Dataset entries |

++++++++++++++++++++

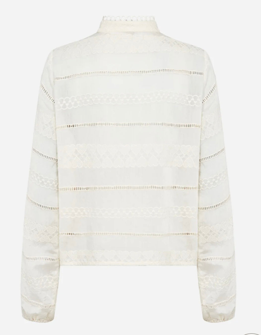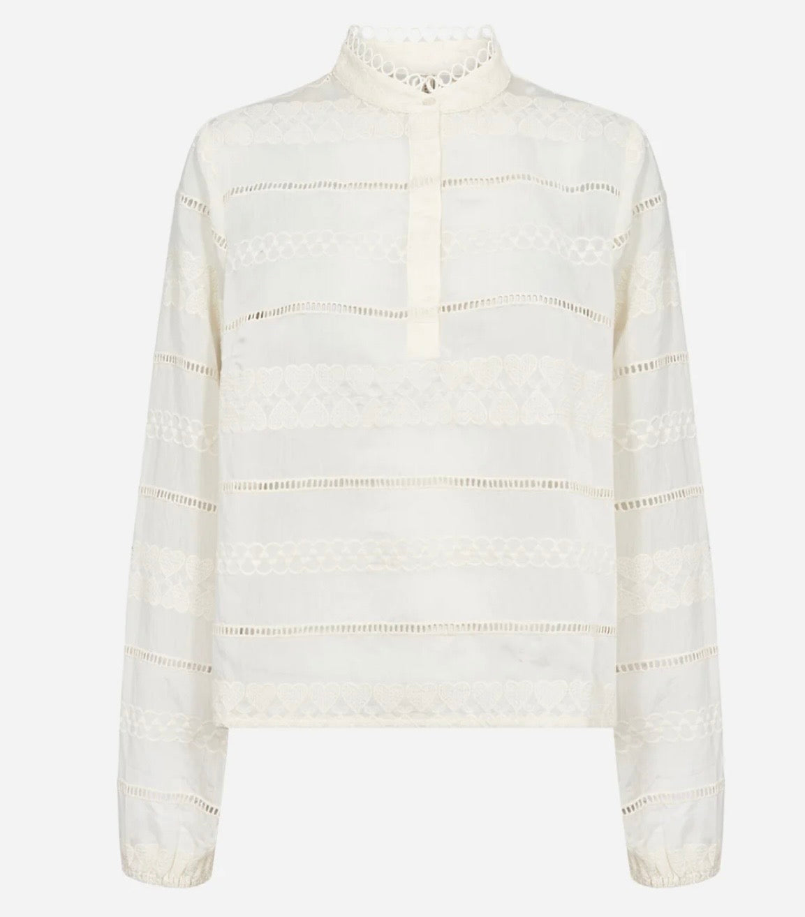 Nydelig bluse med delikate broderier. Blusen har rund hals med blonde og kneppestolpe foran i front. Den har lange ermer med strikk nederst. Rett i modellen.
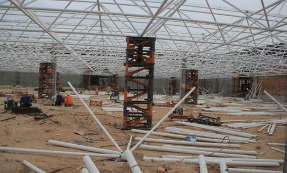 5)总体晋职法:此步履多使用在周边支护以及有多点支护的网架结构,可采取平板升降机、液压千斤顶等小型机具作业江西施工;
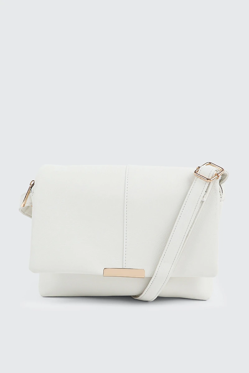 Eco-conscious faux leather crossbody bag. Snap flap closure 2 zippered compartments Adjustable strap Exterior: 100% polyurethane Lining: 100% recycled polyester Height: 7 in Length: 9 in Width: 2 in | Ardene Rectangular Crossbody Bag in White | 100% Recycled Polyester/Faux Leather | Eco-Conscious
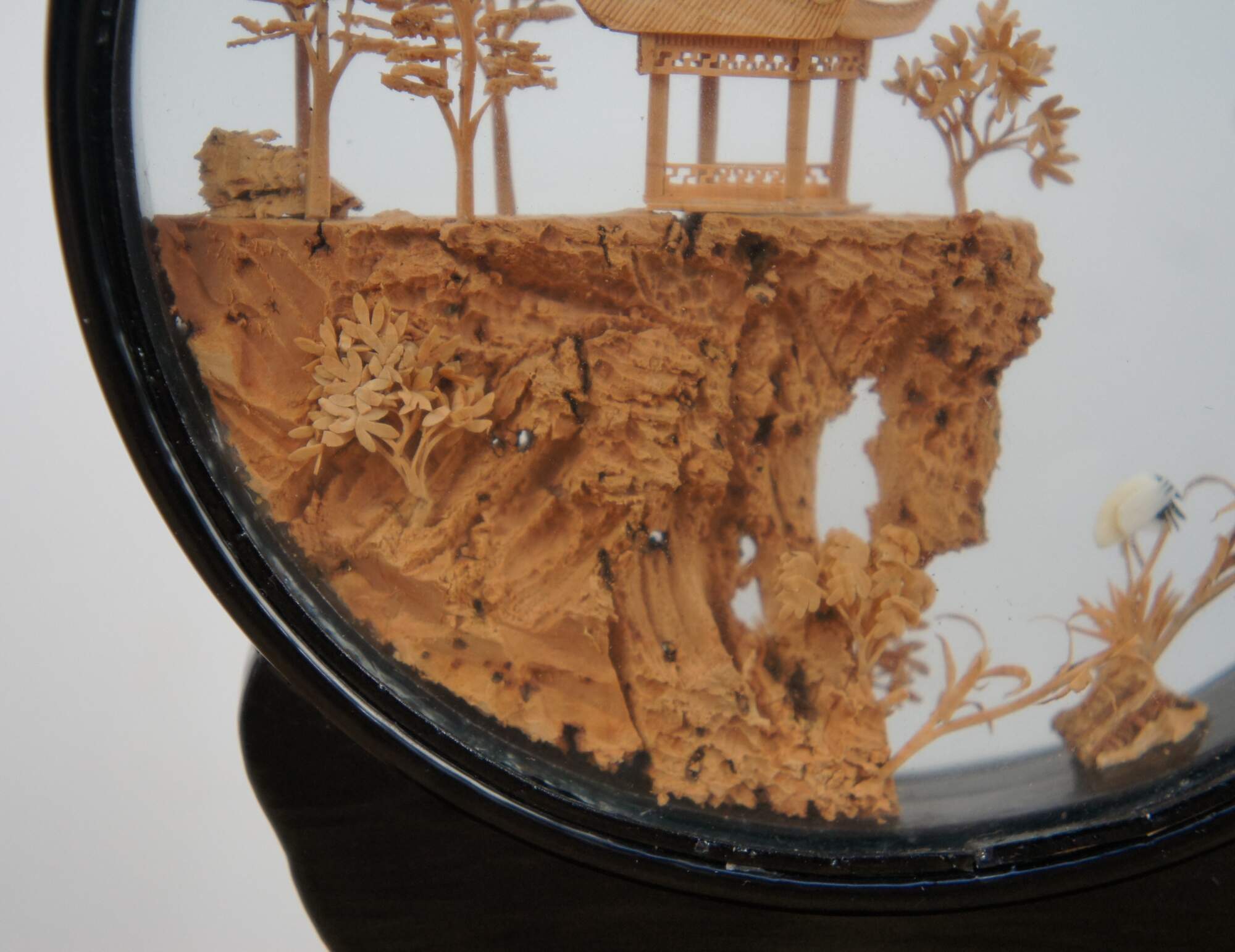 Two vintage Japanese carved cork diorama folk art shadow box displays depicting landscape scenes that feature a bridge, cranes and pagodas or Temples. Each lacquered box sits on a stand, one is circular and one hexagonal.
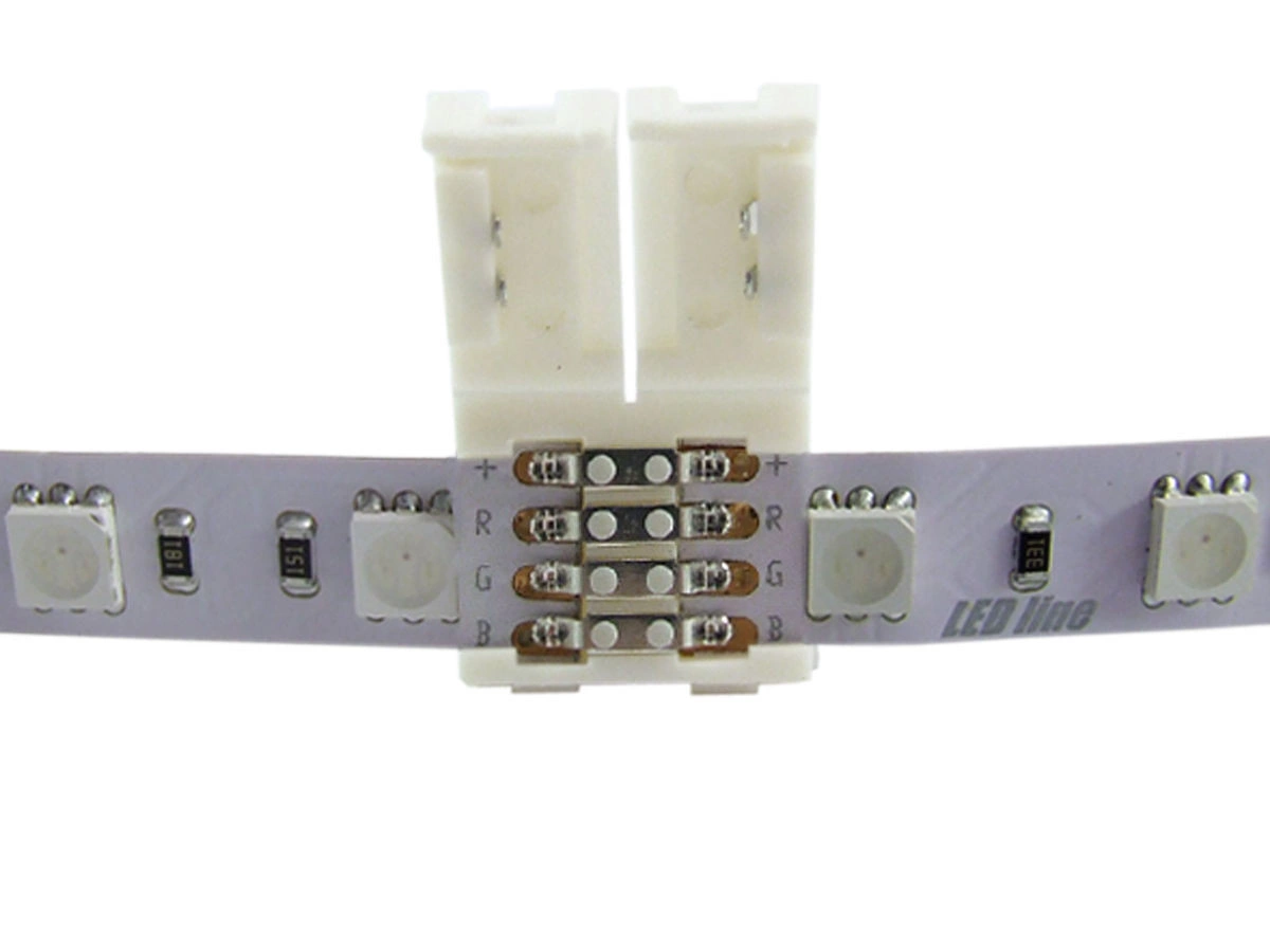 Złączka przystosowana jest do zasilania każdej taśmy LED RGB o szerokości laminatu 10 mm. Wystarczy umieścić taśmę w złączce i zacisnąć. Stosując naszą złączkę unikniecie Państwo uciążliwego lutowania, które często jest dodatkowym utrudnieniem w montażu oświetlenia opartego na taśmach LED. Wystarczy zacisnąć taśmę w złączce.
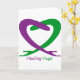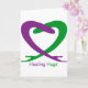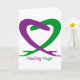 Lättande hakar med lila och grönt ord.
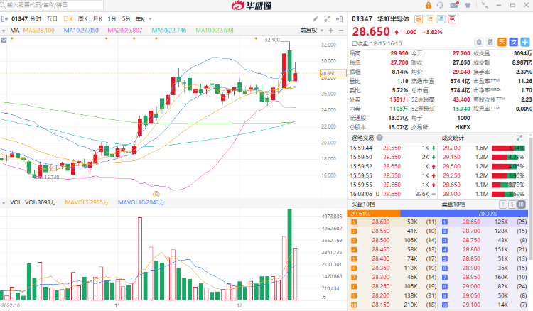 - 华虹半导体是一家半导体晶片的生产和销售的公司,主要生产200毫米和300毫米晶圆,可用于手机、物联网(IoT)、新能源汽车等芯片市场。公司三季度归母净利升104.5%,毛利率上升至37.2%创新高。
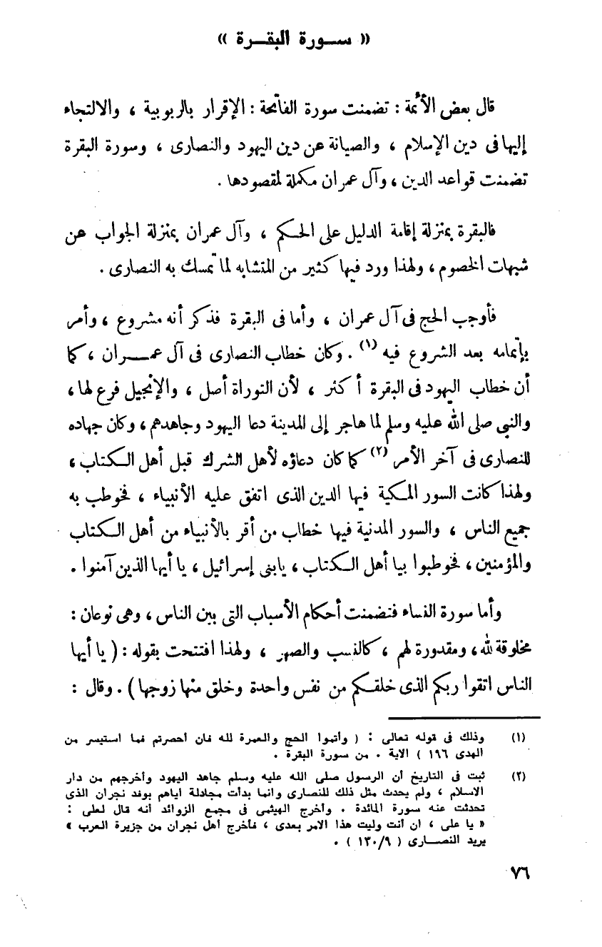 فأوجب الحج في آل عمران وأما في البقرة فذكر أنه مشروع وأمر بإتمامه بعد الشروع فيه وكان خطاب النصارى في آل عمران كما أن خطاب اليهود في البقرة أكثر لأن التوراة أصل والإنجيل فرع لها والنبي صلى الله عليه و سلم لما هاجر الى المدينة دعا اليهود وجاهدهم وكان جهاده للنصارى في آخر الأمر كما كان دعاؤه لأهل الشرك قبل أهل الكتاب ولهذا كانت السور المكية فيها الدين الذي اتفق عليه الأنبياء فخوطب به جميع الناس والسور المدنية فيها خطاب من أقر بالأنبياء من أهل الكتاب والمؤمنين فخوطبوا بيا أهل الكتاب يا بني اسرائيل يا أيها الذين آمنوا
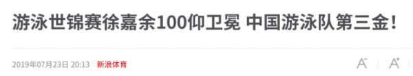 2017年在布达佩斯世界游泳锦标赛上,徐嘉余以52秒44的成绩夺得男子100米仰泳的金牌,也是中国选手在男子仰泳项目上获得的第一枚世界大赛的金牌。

++++++++++++++++++++

DIRECTIONS FOR THIS TASK | The answer must consist solely of the lines from the first line of the data through the line containing "Eco-conscious faux leather", inclusive, reproduced exactly and without pictures.

WRITTEN REPLY |
 Nydelig bluse med delikate broderier. Blusen har rund hals med blonde og kneppestolpe foran i front. Den har lange ermer med strikk nederst. Rett i modellen.
 5)总体晋职法:此步履多使用在周边支护以及有多点支护的网架结构,可采取平板升降机、液压千斤顶等小型机具作业江西施工;
 Eco-conscious faux leather crossbody bag. Snap flap closure 2 zippered compartments Adjustable strap Exterior: 100% polyurethane Lining: 100% recycled polyester Height: 7 in Length: 9 in Width: 2 in | Ardene Rectangular Crossbody Bag in White | 100% Recycled Polyester/Faux Leather | Eco-Conscious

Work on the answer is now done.